### [ACTIVITY]
Your reply should be a faithful copy of the records below, free of pictures.
/---
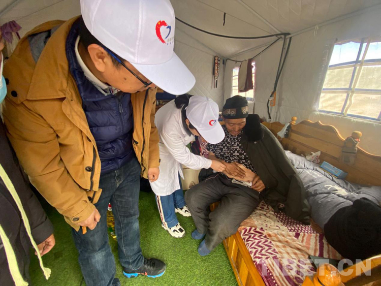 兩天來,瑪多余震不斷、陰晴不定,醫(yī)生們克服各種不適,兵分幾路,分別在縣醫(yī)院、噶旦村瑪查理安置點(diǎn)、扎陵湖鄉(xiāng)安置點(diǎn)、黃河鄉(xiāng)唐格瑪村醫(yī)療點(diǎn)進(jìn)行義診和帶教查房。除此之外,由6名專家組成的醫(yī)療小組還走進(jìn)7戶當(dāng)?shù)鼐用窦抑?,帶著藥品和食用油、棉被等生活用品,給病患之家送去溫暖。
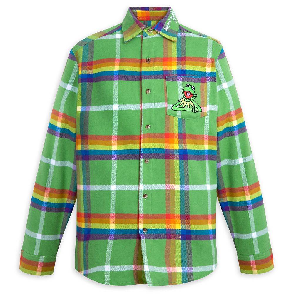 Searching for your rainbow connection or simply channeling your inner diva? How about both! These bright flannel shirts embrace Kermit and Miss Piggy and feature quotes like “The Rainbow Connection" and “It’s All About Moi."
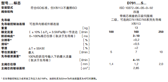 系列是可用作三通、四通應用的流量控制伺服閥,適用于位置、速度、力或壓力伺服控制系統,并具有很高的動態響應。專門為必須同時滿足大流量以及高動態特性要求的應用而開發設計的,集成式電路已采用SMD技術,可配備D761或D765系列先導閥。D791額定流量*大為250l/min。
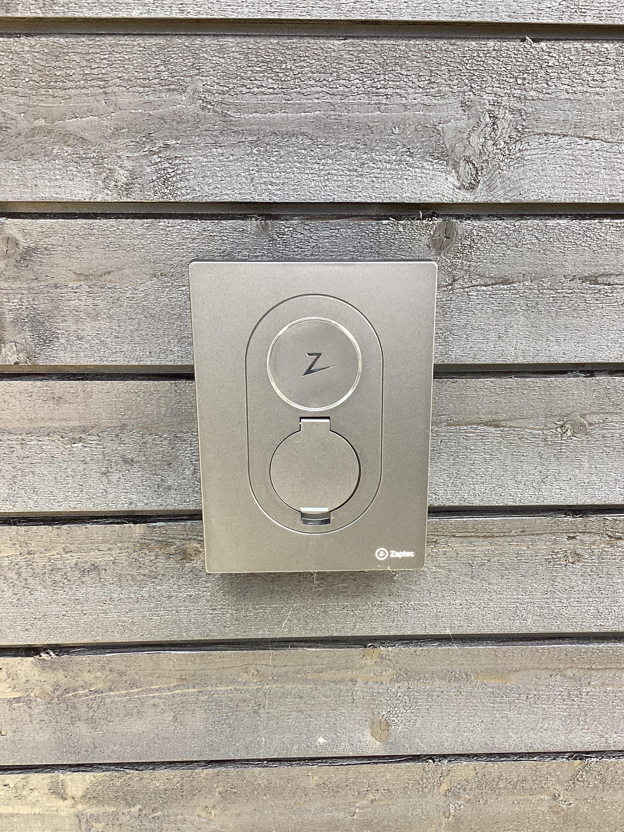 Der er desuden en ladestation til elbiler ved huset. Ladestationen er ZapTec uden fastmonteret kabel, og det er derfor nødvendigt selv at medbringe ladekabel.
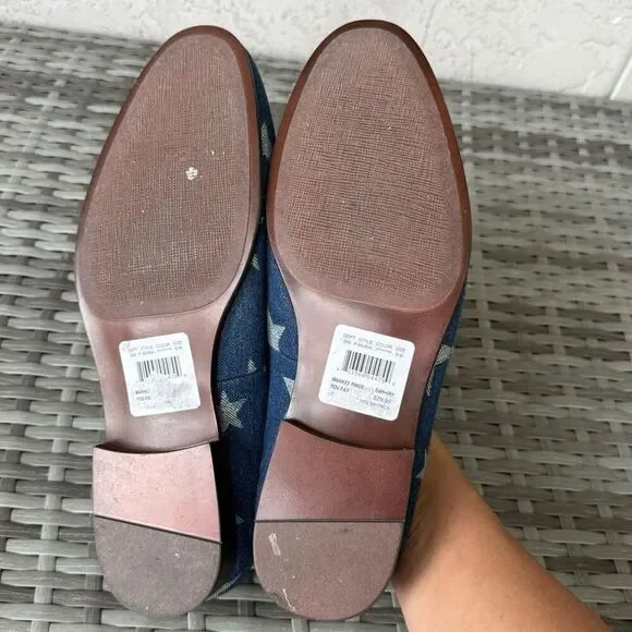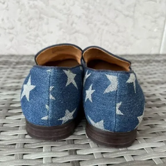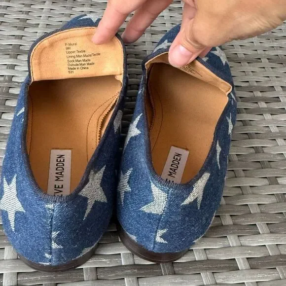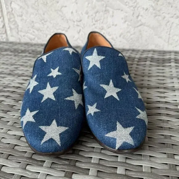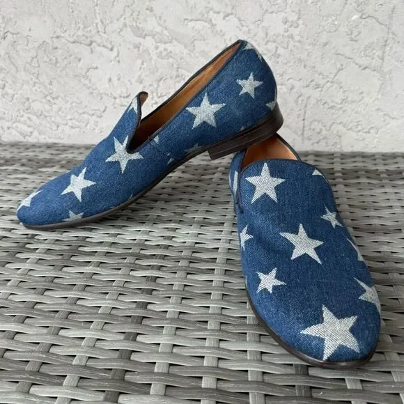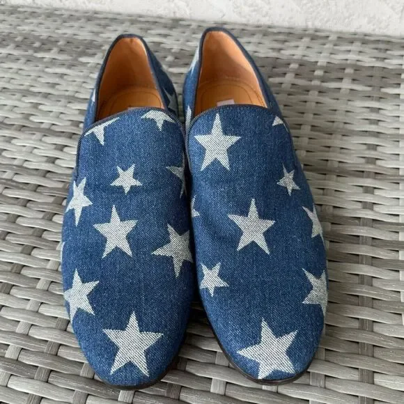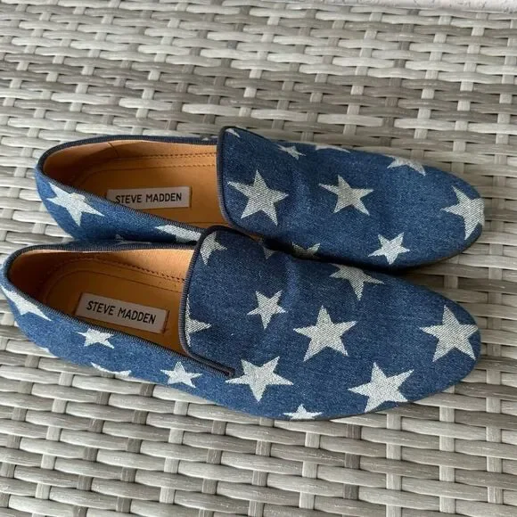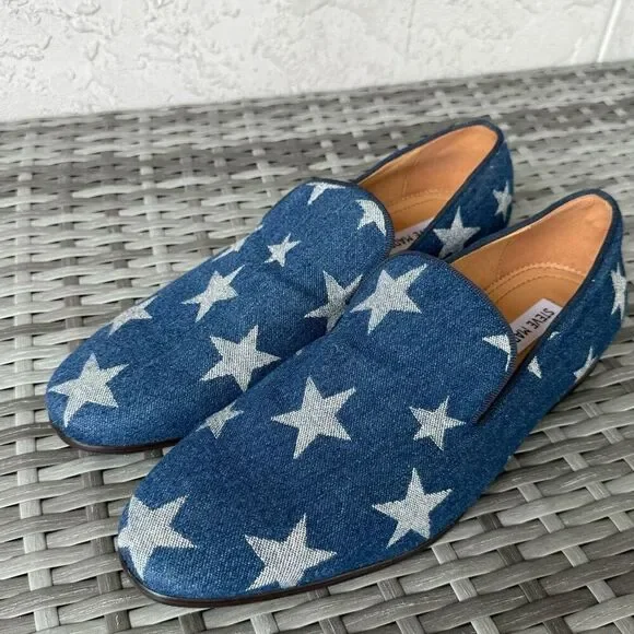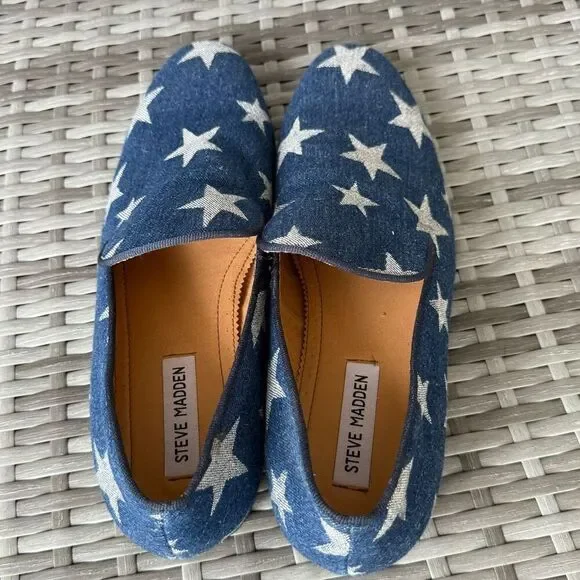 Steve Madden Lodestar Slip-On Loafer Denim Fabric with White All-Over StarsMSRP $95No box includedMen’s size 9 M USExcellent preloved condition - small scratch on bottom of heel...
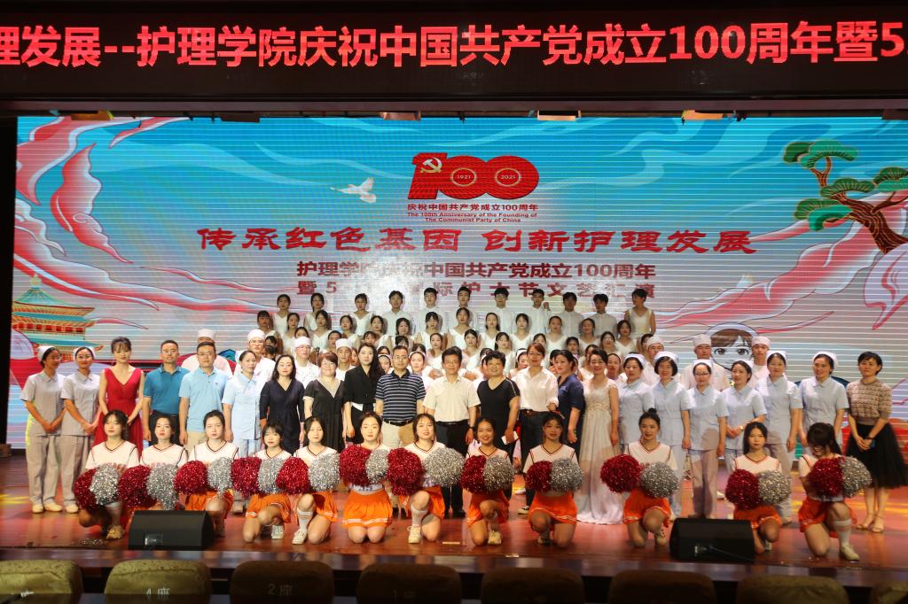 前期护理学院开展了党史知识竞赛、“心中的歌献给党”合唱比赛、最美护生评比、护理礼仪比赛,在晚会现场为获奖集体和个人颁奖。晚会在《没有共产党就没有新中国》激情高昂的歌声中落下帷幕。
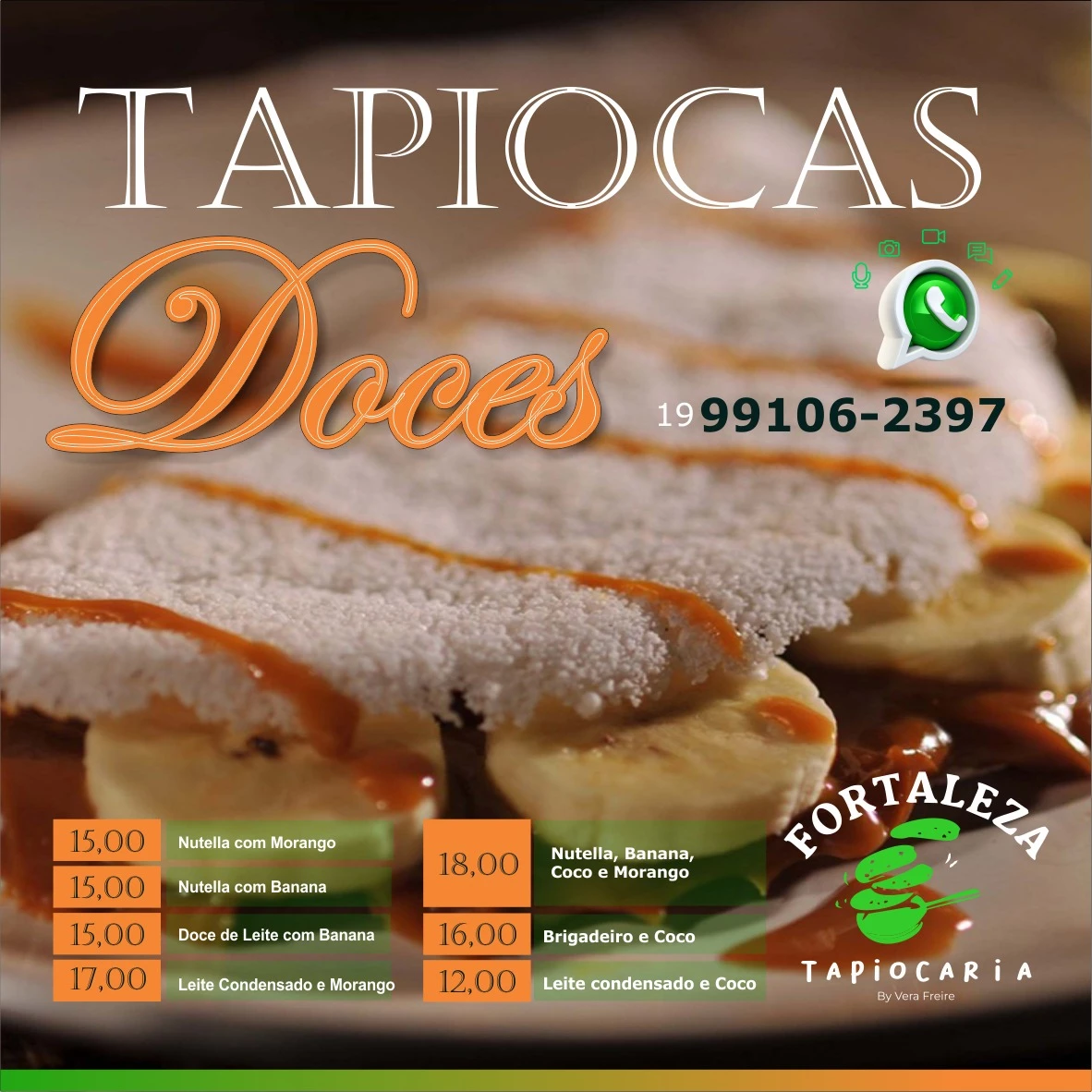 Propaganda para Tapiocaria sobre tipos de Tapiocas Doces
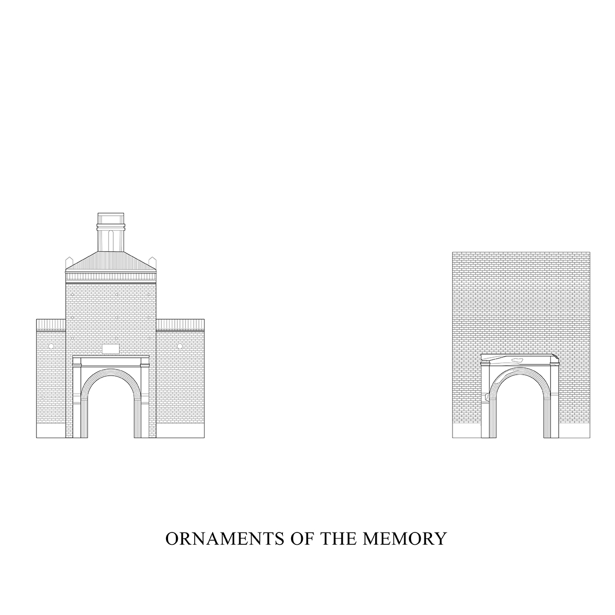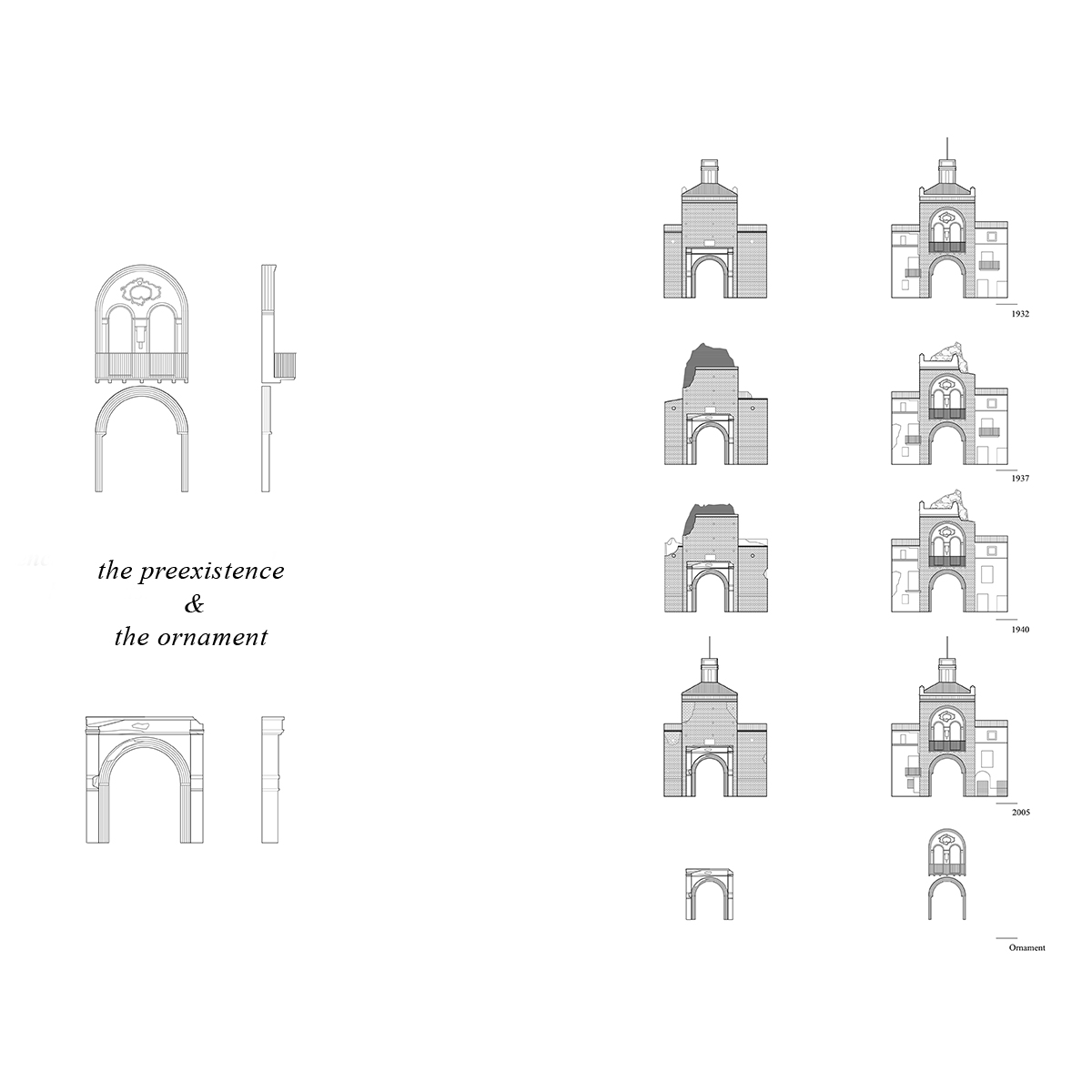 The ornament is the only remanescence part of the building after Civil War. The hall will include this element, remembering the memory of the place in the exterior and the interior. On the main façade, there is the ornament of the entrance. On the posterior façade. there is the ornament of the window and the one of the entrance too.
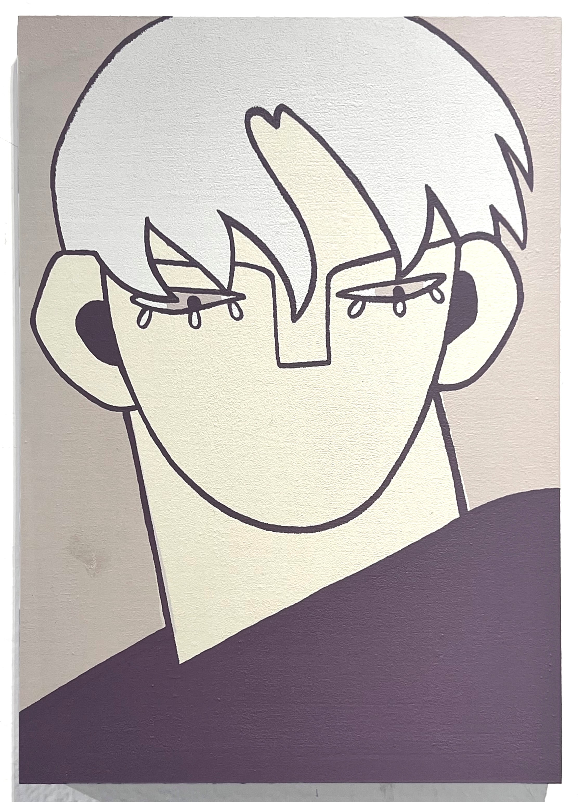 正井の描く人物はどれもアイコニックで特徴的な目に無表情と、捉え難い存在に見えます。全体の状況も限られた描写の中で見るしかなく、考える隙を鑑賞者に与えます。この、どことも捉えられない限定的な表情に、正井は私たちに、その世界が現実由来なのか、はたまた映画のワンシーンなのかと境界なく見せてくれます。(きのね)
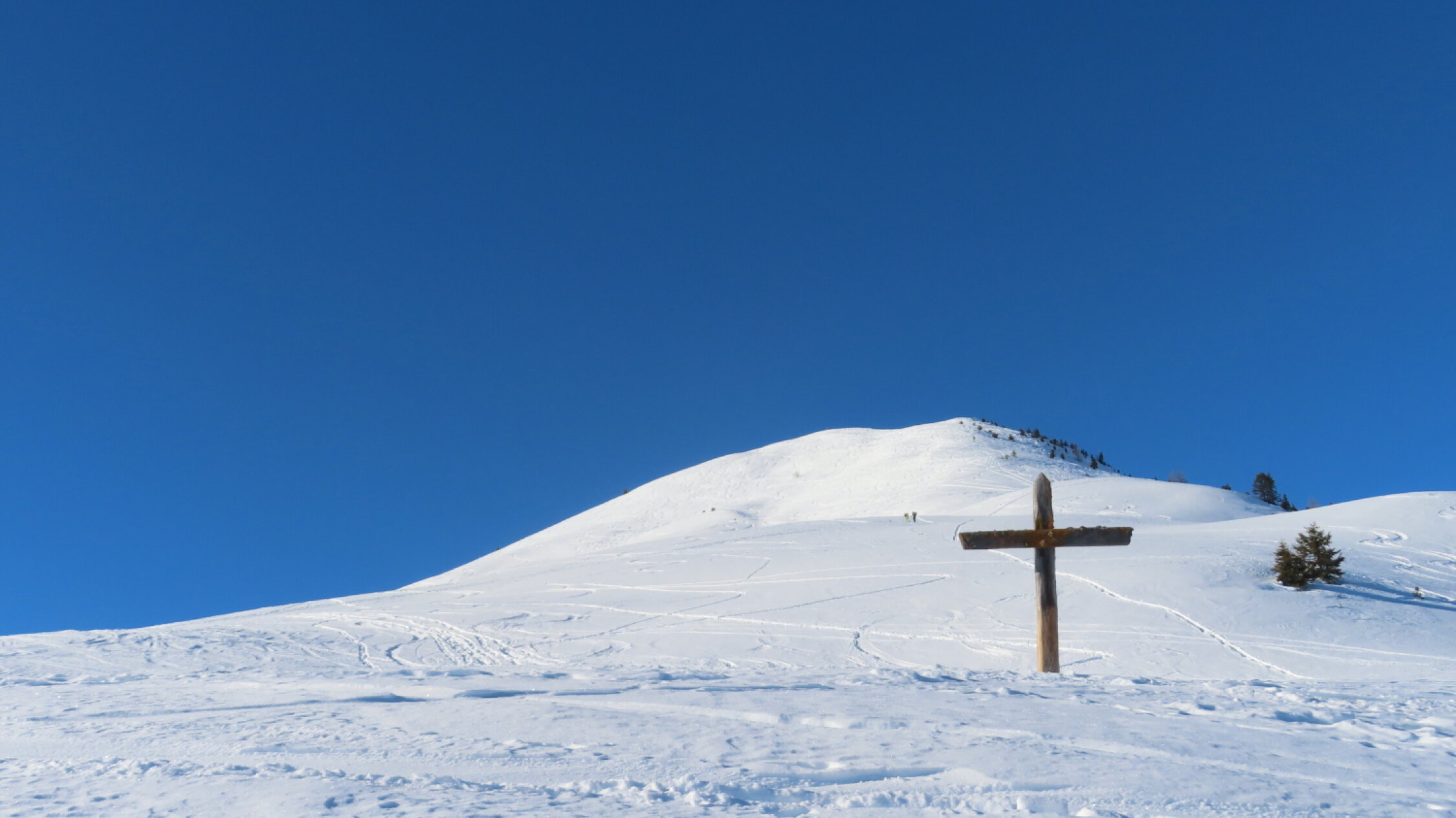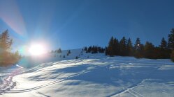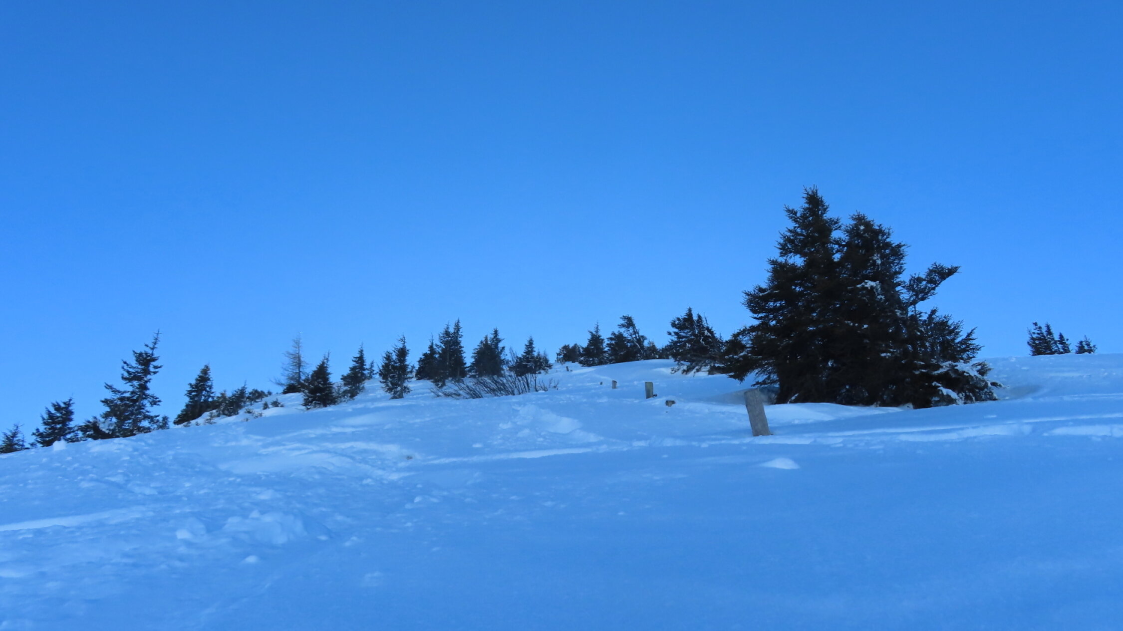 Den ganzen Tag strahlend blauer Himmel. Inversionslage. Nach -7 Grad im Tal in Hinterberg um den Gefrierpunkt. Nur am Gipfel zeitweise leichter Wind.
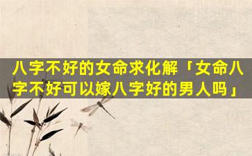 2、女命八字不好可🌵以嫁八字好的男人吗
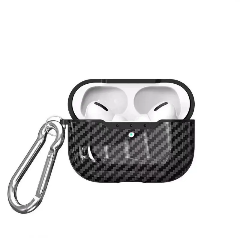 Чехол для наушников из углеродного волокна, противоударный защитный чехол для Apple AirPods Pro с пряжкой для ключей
\---
### [TASK ANSWER]
 兩天來,瑪多余震不斷、陰晴不定,醫(yī)生們克服各種不適,兵分幾路,分別在縣醫(yī)院、噶旦村瑪查理安置點(diǎn)、扎陵湖鄉(xiāng)安置點(diǎn)、黃河鄉(xiāng)唐格瑪村醫(yī)療點(diǎn)進(jìn)行義診和帶教查房。除此之外,由6名專家組成的醫(yī)療小組還走進(jìn)7戶當(dāng)?shù)鼐用窦抑?,帶著藥品和食用油、棉被等生活用品,給病患之家送去溫暖。
 Searching for your rainbow connection or simply channeling your inner diva? How about both! These bright flannel shirts embrace Kermit and Miss Piggy and feature quotes like “The Rainbow Connection" and “It’s All About Moi."
 系列是可用作三通、四通應用的流量控制伺服閥,適用于位置、速度、力或壓力伺服控制系統,并具有很高的動態響應。專門為必須同時滿足大流量以及高動態特性要求的應用而開發設計的,集成式電路已采用SMD技術,可配備D761或D765系列先導閥。D791額定流量*大為250l/min。
 Der er desuden en ladestation til elbiler ved huset. Ladestationen er ZapTec uden fastmonteret kabel, og det er derfor nødvendigt selv at medbringe ladekabel.
 Steve Madden Lodestar Slip-On Loafer Denim Fabric with White All-Over StarsMSRP $95No box includedMen’s size 9 M USExcellent preloved condition - small scratch on bottom of heel...
 前期护理学院开展了党史知识竞赛、“心中的歌献给党”合唱比赛、最美护生评比、护理礼仪比赛,在晚会现场为获奖集体和个人颁奖。晚会在《没有共产党就没有新中国》激情高昂的歌声中落下帷幕。
 Propaganda para Tapiocaria sobre tipos de Tapiocas Doces
 The ornament is the only remanescence part of the building after Civil War. The hall will include this element, remembering the memory of the place in the exterior and the interior. On the main façade, there is the ornament of the entrance. On the posterior façade. there is the ornament of the window and the one of the entrance too.
 正井の描く人物はどれもアイコニックで特徴的な目に無表情と、捉え難い存在に見えます。全体の状況も限られた描写の中で見るしかなく、考える隙を鑑賞者に与えます。この、どことも捉えられない限定的な表情に、正井は私たちに、その世界が現実由来なのか、はたまた映画のワンシーンなのかと境界なく見せてくれます。(きのね)
 Den ganzen Tag strahlend blauer Himmel. Inversionslage. Nach -7 Grad im Tal in Hinterberg um den Gefrierpunkt. Nur am Gipfel zeitweise leichter Wind.
 2、女命八字不好可🌵以嫁八字好的男人吗
 Чехол для наушников из углеродного волокна, противоударный защитный чехол для Apple AirPods Pro с пряжкой для ключей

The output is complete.